Utilize smart locks to streamline the check-in process, eliminating the need for physical key exchanges. Provide guests with detailed instructions on how to use the smart locks and ensure they have all necessary access codes before their arrival.
Include detailed parking instructions in your house manual, accompanied by photos to help guests identify the correct parking areas. This can prevent confusion and potential issues with neighbors or local authorities.
By implementing these measures, you can enhance guest satisfaction, reduce potential conflicts, and maintain a well-managed and compliant short-term rental business in Moab, Utah.
Short-term rental management fees in Moab, Utah in 2026 typically range from 15% to 30% of gross rental revenue, depending on the scope of services provided. Full-service management — covering guest communication, channel distribution across Airbnb, Vrbo, and Booking.com, dynamic pricing, cleaning coordination, and 24/7 guest support — generally falls in the 22% to 30% range. Co-hosting or partial-service arrangements that leave more responsibility with the owner usually run 15% to 20%.
Industry-wide management fees have crept upward by roughly 1–2 percentage points since 2024 as operating costs, insurance premiums, and labor expenses have risen across the vacation rental sector. Moab-area managers may also charge separately for cleaning turnovers, maintenance dispatch, linen programs, and listing optimization. Some full-service operators in Utah now offer guaranteed-rent or revenue-share hybrid models, which can be worth comparing against a flat percentage structure for higher-revenue properties.

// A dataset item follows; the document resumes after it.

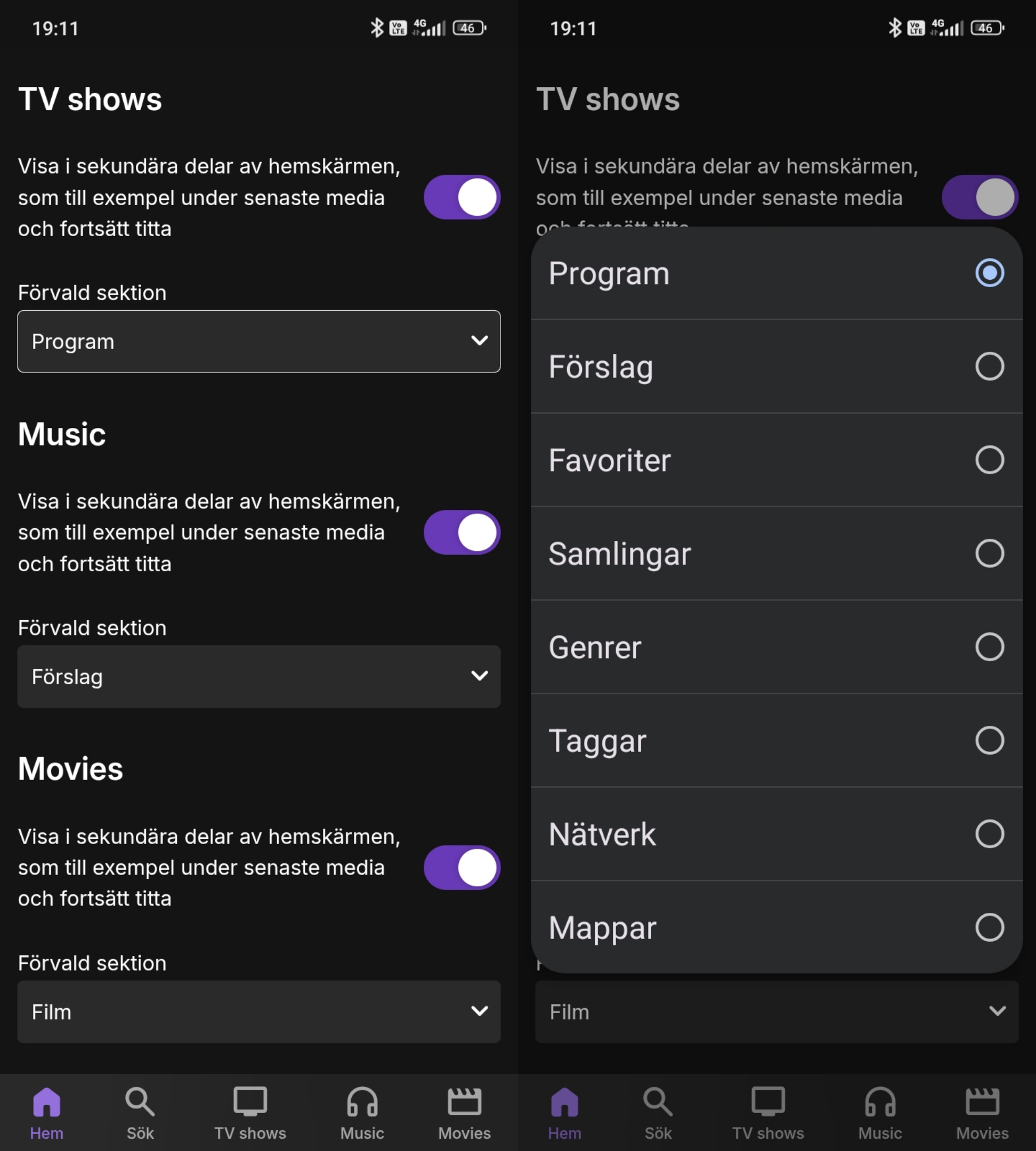 brothom 177 Posted November 11, 2025 Posted November 11, 2025 (edited) 1 hour ago, howllor said: You first go to the settings for the home screen (appinställningar -> hemskärm) and then you scroll down to the section after "biblioteksordning". There you can choose which view each library will start on when you go into it, under "förvald sektion". Each library can have its own setting. @howllorthese settings influence where the user is redirect by using the sidebar to go to a library directly. @RickyRialtois pointing out that using the "Latest X"-library link, routes the user to "Folder" view. I have the same issue with Anime and Documentary libraries (Mixed Content) that always redirect me to the "Folders": Clicking this leads to: Considering my nav links are slightly different, I'm assuming OP has a different library type. Edited November 11, 2025 by brothom

Market estimates as of 2026. Conditions vary; consult local operators for current data.
Granular market data for Moab, Utah remains limited as of 2026, as smaller and emerging short-term rental markets are not consistently captured by major data providers like AirDNA. However, broader Utah trends suggest continued demand for vacation rentals, particularly in markets offering unique experiences, scenic appeal, or proximity to established tourist destinations.

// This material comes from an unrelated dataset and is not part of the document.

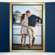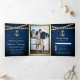 Convite Com Dobra Tripla Marinho Azul Madeira Iluminação Dourada Marítima N

Through 2025–2026, the Utah short-term rental market has seen modest ADR growth of 3–5% industry-wide, partially offset by occupancy compression as supply has continued to expand. Operators in markets like Moab should evaluate hyperlocal factors — seasonality, regulatory environment, and competing accommodation supply — before making investment decisions.
Market estimates as of 2026. Conditions vary; consult local operators for current data.